首に力いっぱい抱きつき、身体を小さくする。

しばらくすると内臓が浮き上がる嫌な感覚がして、ハルキはそっと目を開けた。眼下には山裾に広がる草原と、そこにあるいくつもの小さな湖が見えた。


ハルキは興奮して短く叫んだが口元は自然に笑っていた。

だいぶ高いところを飛んでいるようで、時々薄い雲が身体を包み込む。カカラルの筋肉がギシギシと力強く動くのを、ハルキはお尻と足と手で感じた。

なにか熱くて暴れまわる危険な物を持っているかのようで、心臓がドキドキと高鳴った。

少し下にオリビアたちが見えたので、ハルキは笛を吹き、向きを変えた。気流に翻弄されながら、なんとかオリビアの横につく。


「大丈夫―?」


「な、なんとか!」


六つ足の胴体下から平原へ出ると、ミュンヘル王国の地理がよく見えた。半島の入り口に蓋をするように広がるガシャの森。その境界の大きな都市、マジェラ。そこから街道がいくつも南に延びて大小様々な街に続いている。間には田畑が広がり、林があり、家畜が放牧され、丸い湖がキラリと光る……。


「あ、あそこ!」


ハルキは湖面スレスレを飛ぶカカラルを発見した。人が乗っている。訓練生ではない。滑空するカカラルの後ろには数体の魚のような精霊種が並んでいる。


「うん、軍の人でしょうね……あら?」


 オリビアはそう言い首を捻った。


「お、お母さん、あれマルベックおじいちゃんじゃない?」


 アイレンが指摘すると「そうねえ、お義父さんどこ行くのかしら……」と強風をものともせず、オリビアはのんびりとした口調で答えた。


「大丈夫なの? 精霊が……」


このままでは接触してしまいそうだ。ハルキは教えてあげなくてはと焦った。カカラルが小さく鳴いた。


「いいのよ、大丈夫。彼はリーチェの蹄を持っているの。だから精霊種が自ら近寄ってくることはないわ」


「え、そうなの?」


 カカラルの羽音と風切り音で聞き取りづらい。


「そう。それにどうやってかは知らないけど、精霊種を操ることも出来るみたい、ああいう風に」


「……そうなんだ、それは……すごいや」


 後ろを振り返ると複数の訓練生がカカラルと共に空を舞っている。気付けばカカラルの操縦を無意識に行っていた。バランスの取り方にも慣れたみたいだ。


 巣へ戻るため旋回し、スピードを落とす。頬を流れる風が優しくなり、心も落ち着いた。カカラルが高い声で鳴く。それはハルキに慣れてきた証拠だった。自然と笑顔がこぼれる。

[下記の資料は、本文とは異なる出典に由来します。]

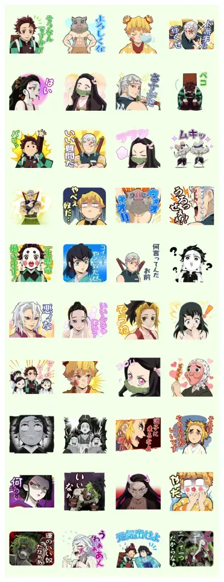 Looking at the first few rows, we see Tanjiro looking super polite, followed by Inosuke flexing his muscles with a friendly greeting. Then there is Zenitsu in his hilarious undercover disguise, snot bubble and all! Of course, Tengen Uzui steals the show with his flamboyant poses and confident smirk. My personal favorite has to be the row featuring those buff muscle mice flexing their tiny but mighty arms. They are absolutely ripped and ready to help you win any argument in your chat group.

エゴラ山脈の向こうには、上空へ昇っていく球体の海がたくさん浮かび、光を反射して輝いている。壮大で綺麗な瞬間を瞳に焼き付け、ハルキの心は久々に晴れた。美しい巨鳥と一体になって飛行する爽快感、自分の力が何倍にもなった気分だった。


ふと、太古の森の先、遠くの地平の彼方に、僅かに見える青白い光を発見した。〈光球霊塔〉だ。

その途端、ハルキの顔は徐々に険しいものになり、戻るまでの間、ずっとその光源を睨み続けていた。